= Brighton School (filmmaking) =

English filmmakers active from 1896–1910

Brighton School (fr.: L'école de Brighton) was a loosely associated group of pioneering filmmakers active in the Brighton and Hove area of England from 1896 to 1910. It was mostly a series of shorts and early projects made in the Brighton area.

==History==
The core membership of the group consists of filmmakers George Albert Smith, James Williamson and Esmé Collings as well as engineer Alfred Darling; other names associated with the group include Collings' former business partner William Friese-Greene and the group's London-based distributor Charles Urban.

While they were not the only early filmmakers working in Britain between the years 1895 and 1907, the group is considered to be the most prolific and influential. They are particularly known for their use of innovative techniques, including colour tinted films, trick photography, the first reverse angle shot in Attack on a China Mission (1900) the first close-up in the film Grandma's Reading Glass (1900) and zoom in the film The Big Swallow (1901), achieved by moving the camera closer to the subject.
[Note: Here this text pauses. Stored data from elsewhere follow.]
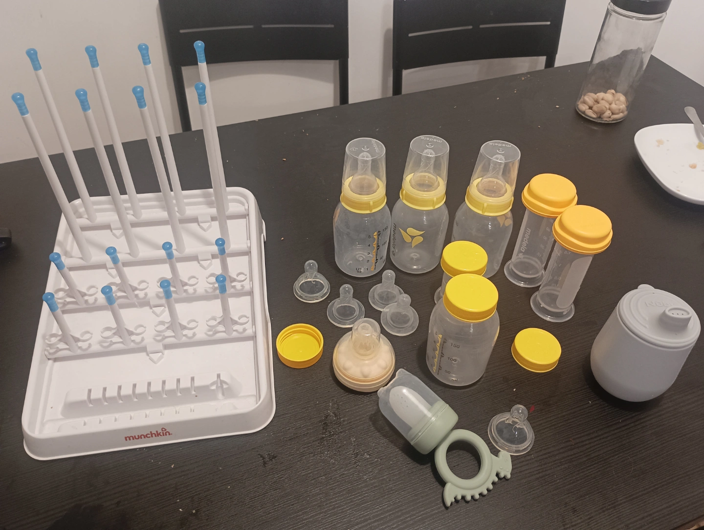 Medela bottles with teats including 1 Medela calma teat and dryer
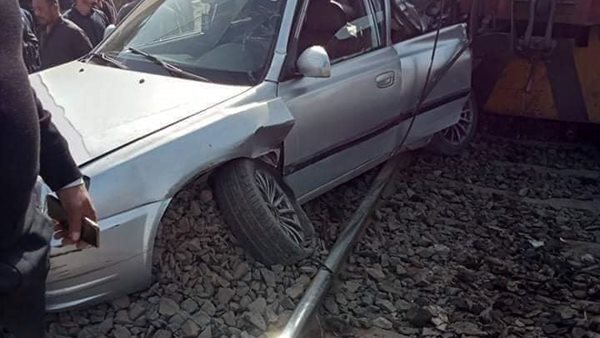 نجاة السائق بإعجوبة.. قطار يطيح بسيارة على مزلقان بـ منشأة القناطر
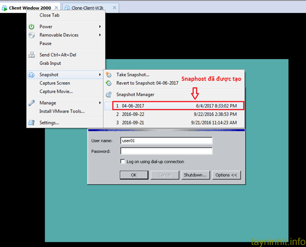 VMware hỗ trợ người dùng tính năng Snapshot, với tính năng này sẽ giúp người dùng có thể backup lại hiện trạng của máy ảo và khôi phục nó trở lại khi người dùng muốn. Việc này sẽ rất hữu ích khi bạn cấu hình các dịch vụ trên máy ảo mà gặp sự cố, có thể khôi phục hệ thống một cách dể dàng vì Snapshot là một tính năng rất hay của Vmware, ý nghĩa cụ thể của nó như sau:
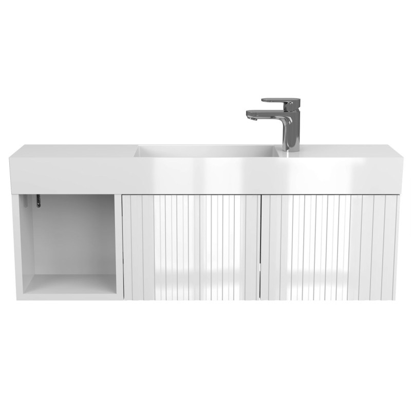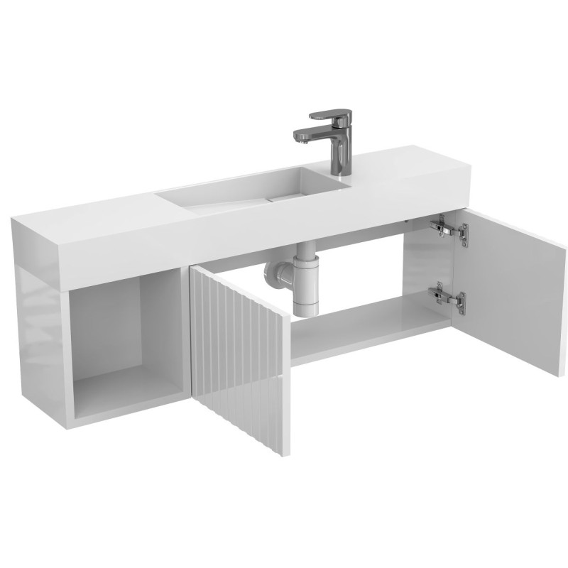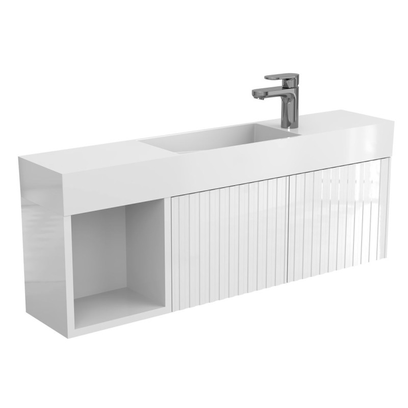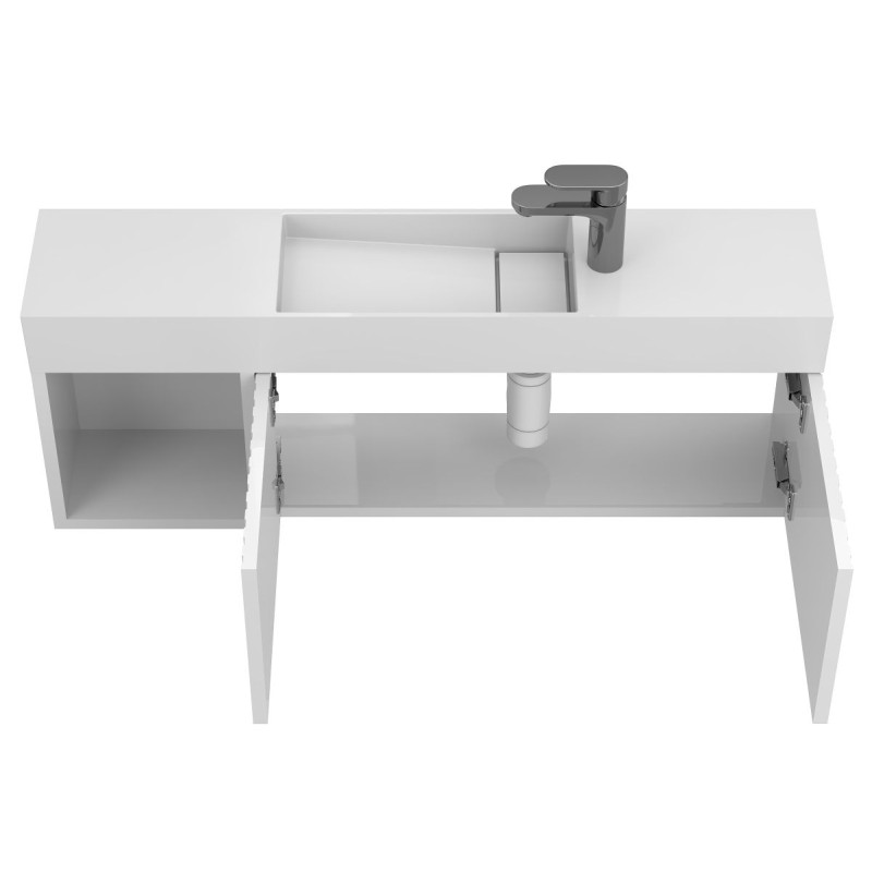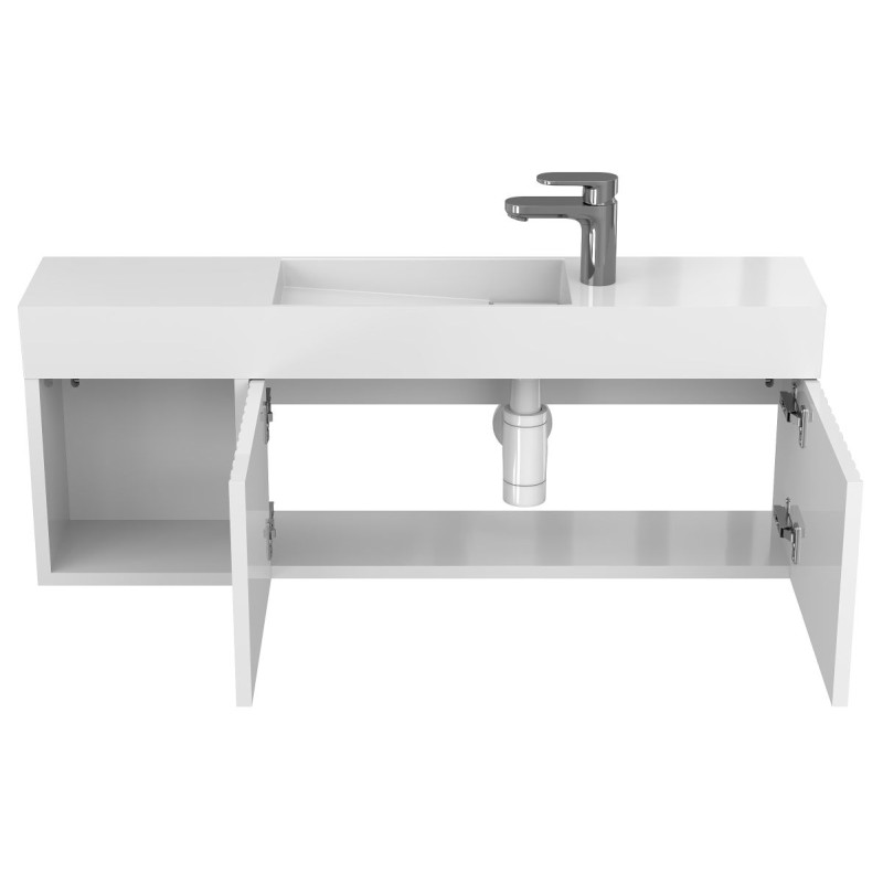 Тумба підвісна AURA біла глянцева з умивальником TONI 1050 від бренду MIRAGGIO — практичне та стильне рішення для ванної кімнати дому, готелю чи апартаментів.
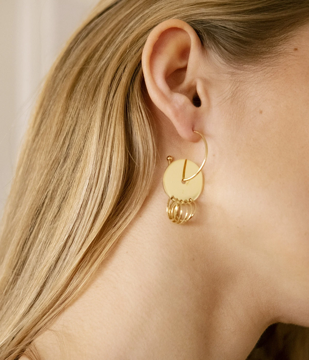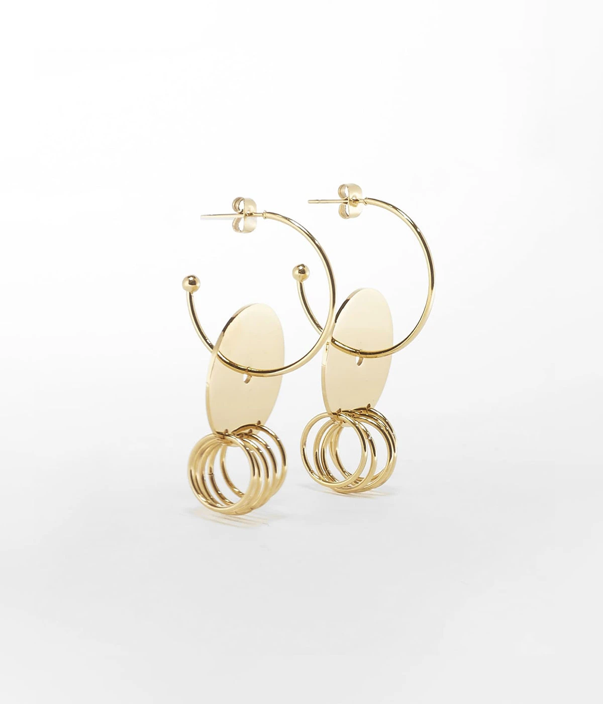 Boucles d’oreilles créoles en acier uni ou doré à l’or fin décorées de pastilles de métal auxquelles sont accrochées une multitude de petits anneaux.
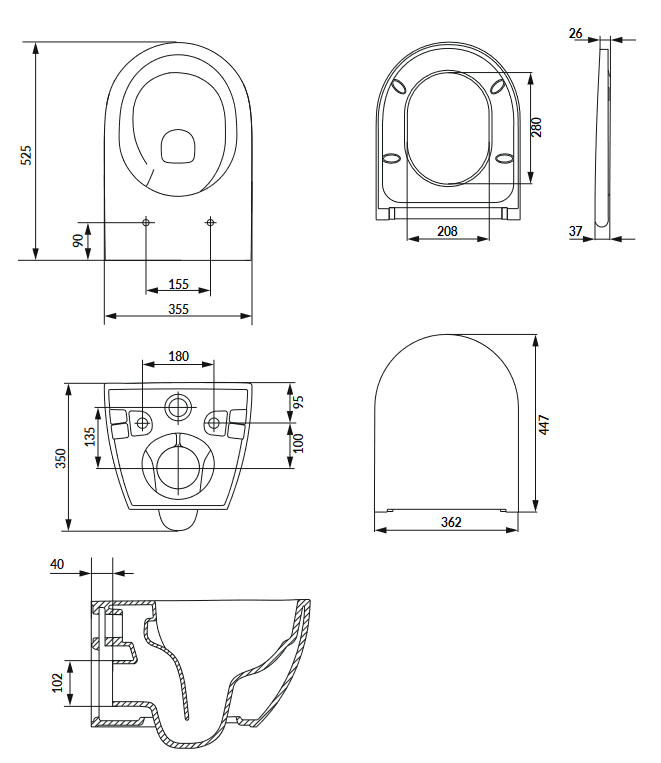Kialakítás: fali függesztett WC szett

Smith's The Kiss in the Tunnel (1899) is considered to mark the beginnings of narrative editing.

Despite being known as the Brighton School, both George Albert Smith and James Williamson lived and worked in nearby Hove, where they built film studios on the grounds of their houses. Towards the end of the period, the filmmakers increasingly gave way to their scientific and economic pursuits.

The Hove Museum of Creativity has a permanent exhibition dedicated to the filmmakers.

==Term origins==
The term was coined by French film historian Georges Sadoul in an article that was translated and re-published in pamphlet form as British Creators of Film Technique by the British Film Institute in 1948.